The material below should be copied line for line, please, with pictures omitted.

**Exercise data**
--------------------------------------------------

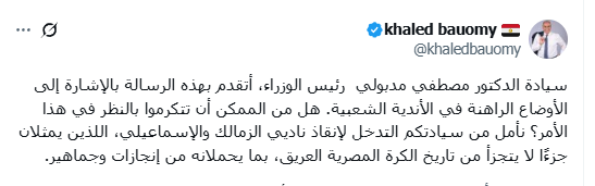 خالد بيومي من خلال تصريحات عبر حسابه على موقع التواصل الاجتماعي اكس تحدث قائلا:
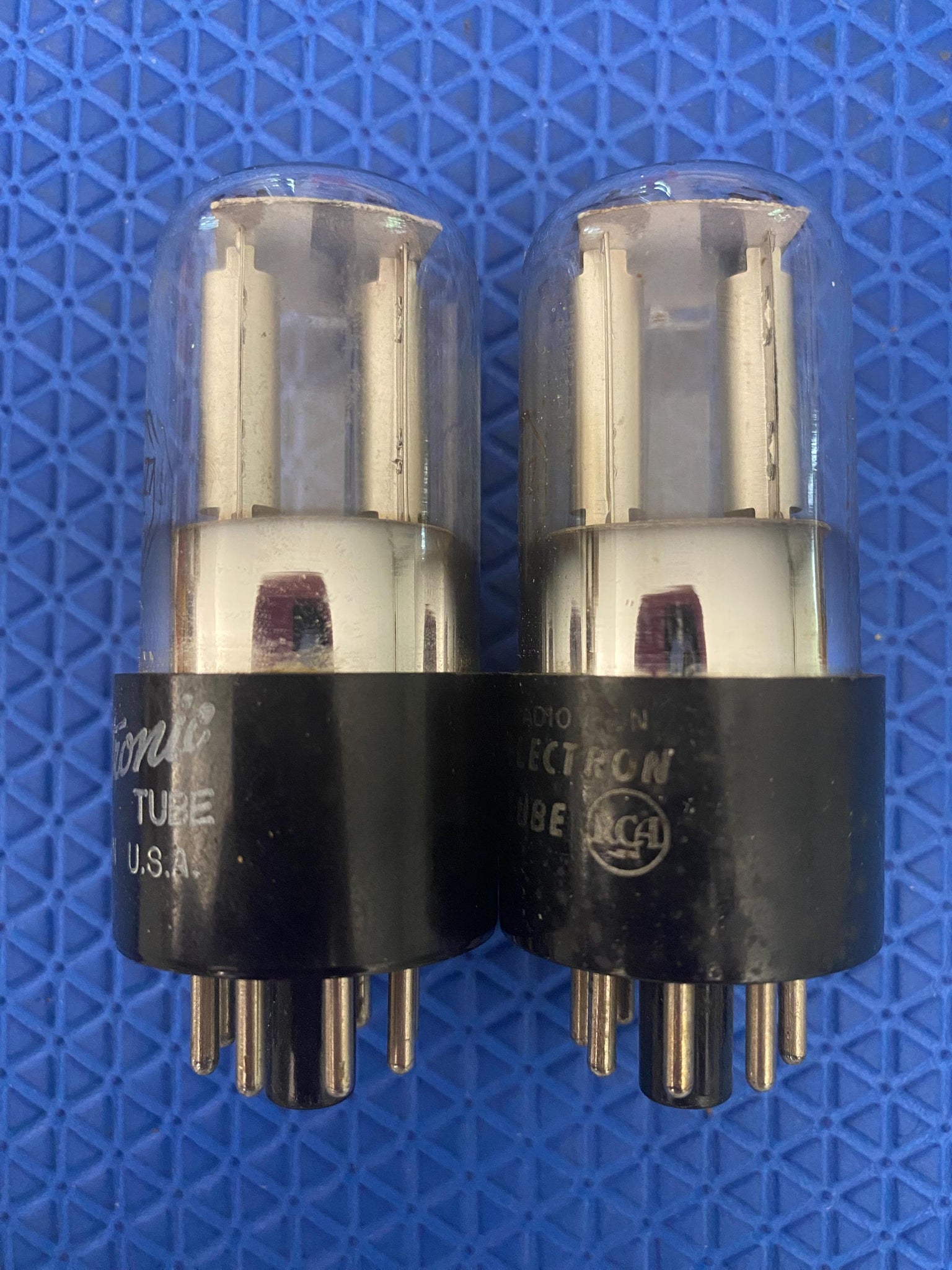 Transconductance measured 38/41 for Tube One and 42/41 for Tube Two (RCA-LABELED) where minimum (65%) is 32/32.
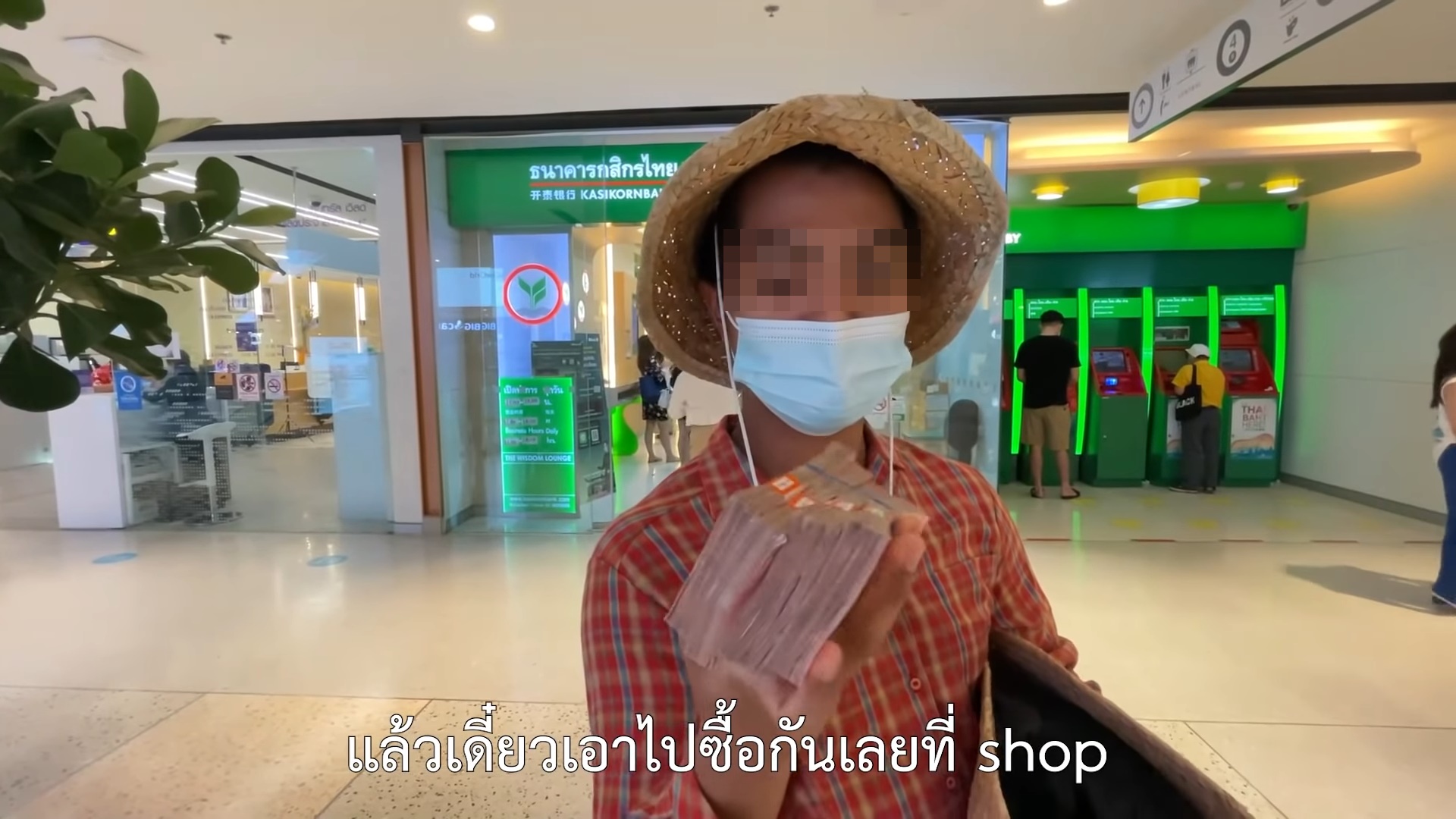 โดยตอนเริ่มคลิป ยูทูบเบอร์ท่านนี้ได้เดินไปถอนเงินสดจากธนาคาร ก่อนจะเดินเข้าช็อป AIS และถอย iPhone 13 Pro Max ในราคา 50,900 บาทมาครอง

--------------------------------------------------

**Written solution**
 خالد بيومي من خلال تصريحات عبر حسابه على موقع التواصل الاجتماعي اكس تحدث قائلا:
 Transconductance measured 38/41 for Tube One and 42/41 for Tube Two (RCA-LABELED) where minimum (65%) is 32/32.
 โดยตอนเริ่มคลิป ยูทูบเบอร์ท่านนี้ได้เดินไปถอนเงินสดจากธนาคาร ก่อนจะเดินเข้าช็อป AIS และถอย iPhone 13 Pro Max ในราคา 50,900 บาทมาครอง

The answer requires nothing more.